颜良朝钰锁努努嘴,干活干活,少发布小道消息。
明慧领着钰锁坐进另一个整洁的格字间:“这是你的座位,这是我们李总批示专为你配制的新电脑!”指指文具箱内一排排整齐的书籍,拿出一本印刷精美的《晨武》内刊杂志说,“这是我们集团的内刊杂志,你先看看!然后有什么需要我帮助的、联络的事情,请随时叫我!”
明慧回到了前台电脑前,灵巧的手指敲着健盘,娴熟得像在小小的黑色健盘上跳着手指舞。
钰锁呆呆地看着明慧,坐下来才发觉,她不知如何面对眼前第一次见识的电脑,她在电脑屏幕上摸索着,不知如何打开这道令她望而生畏的神秘,只得一任头脑里的思维信马由僵。

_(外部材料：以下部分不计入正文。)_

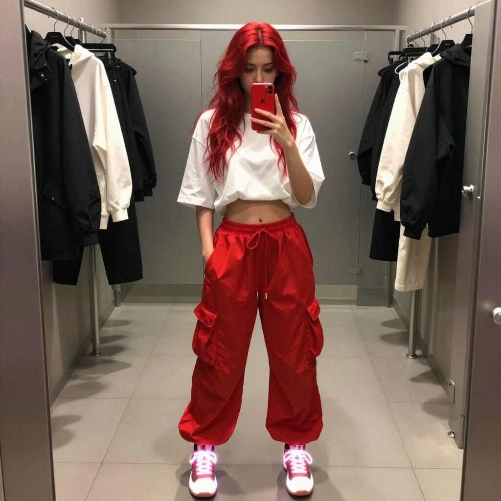 This hyperdetailed image captures a woman with long red hair taking a mirror selfie in a fashion store bathroom, holding a phone. The scene features ethereal mist and glowing elements.

钰锁换工作了,从一个清洁工一跃而成为一个所谓的白领阶层,换完工作服从洗手间到策划部短短的距离,她的脑子里一路都在回**着总裁胡传家的话:“福兮祸所伏,祸兮福所倚!清洁工是一种人力、劳力,但不是一种人力资源,不是人力资本。武晨集团多一个清洁工不多,少一个清洁工不少,可是一个好的策划,一个好的点子,一个人力资源,于武晨却不可多得!我想把你由人力变成资源,可总归只是想,而能不能则只有你自己来决定了!响棒不用重锤,你自己好好把握吧,不论是过去,还是以后,我只能做到这些了。”
是的,天下没有免费的午餐,天上不会掉馅饼,钰锁心里清楚不管自己与总裁之间曾经是怎么样微妙的关系,她如果不能在短时间内掌握这一切,做出相应的成绩,她就没有资格进入这儿、坐在这儿……
福兮祸所伏,祸兮福所倚!这种一步登天的改变,是源于十年前的那场灾祸的弥补?